The first horse was past her, the second right across. They hadn’t heard her! She wasn’t directly on the path, and they’d have to look her way. She took a deep breath and tried to let go of the knife, croaking a disappointed sound when her bare, cold fingers still refused to move.

The woman turned and the horse stopped, and the next thing Shay knew, a cloak was thrown across her shoulders, and a face was close to her, saying her name, “Shay? Shay, is that you? Are you Shay?”

Then she was lying on a blanket by a fire, the warmth and light both slowly seeping into her. Night had finished falling, so all that seemed to exist was the fire and the women and blanket around her. The Healer held a cup and poured a bit of something warm between Shay’s cracked lips. The Bard sang to the fire, something soft and meant to help babies sleep. It was a song Shay had known once, because her mother used to sing it to her. She fell back asleep.

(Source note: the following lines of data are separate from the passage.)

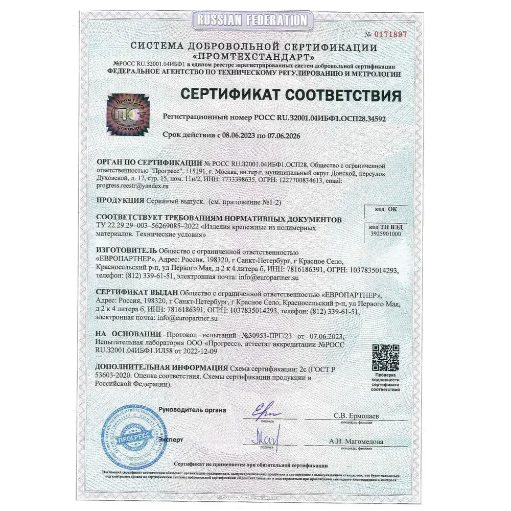 Дюбель распорный 4х20мм PND с шурупом 2,5х25мм, нейлоновый Европартнер (20 шт.)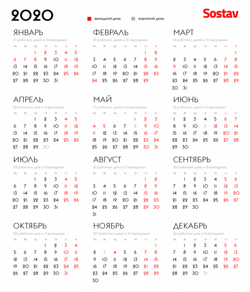В 2020 году россиян ожидают 248 рабочих и 118 выходных дней.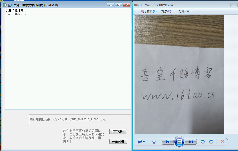 盘州市第一中学文字识别软件(简称:盘州一中文字识别助手)是一款绿色免费,简单实用的图片文字识别软件。程序利用的是百度高级AI识别助手接口,能够帮助用户识别图片中的文字,虽然在使用方面,每天只能识别50次,不过在效果方面还是非常不错的,包括可以识别手写字体,操作简单,导入图片即可一键识别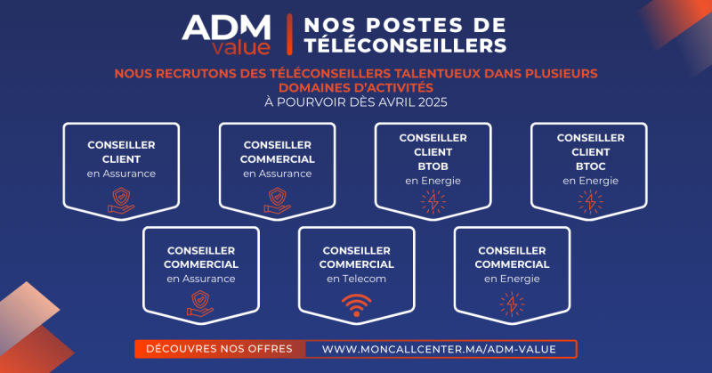ADM Value recrute des téléconseillers à Rabat !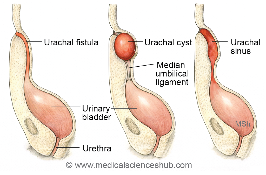 - Urachal fistula: Caused by persistence of the allantois, resulting in a patent tract between the urinary bladder and the umbilicus.

When Shay opened her eyes again, the fire was just as high, but the quality of darkness had turned toward the gray of dawn, although it was still dark enough that the fire lit the falling snowflakes so they looked briefly like sparks. She was lying on her back with her foot on a log, a saddle blanket under her head that smelled like clean horse sweat and snow, and a heavy cloak over her. The Healer was sitting and staring at the fire, and no one was singing except the storm itself, soft and thick and windless, the snow falling in a whisper and sometimes sizzling a tiny bit when it hit a coal just right.

Shay tried to say something, but what came out was more like a squeak.

The Healer turned toward her. “I’m Dionne. I’m glad we found you.”

Shay managed a “M-me t-too.”

“Are you still cold?”

“Only a little”

Dionne reached for a cup that sat on a little bank of coals away from the hottest part of the fire and held it up. “Will you drink some more tea?”

Shay tried to sit up, and then Dionne was beside her lifting her up and whispering. “Rhi?”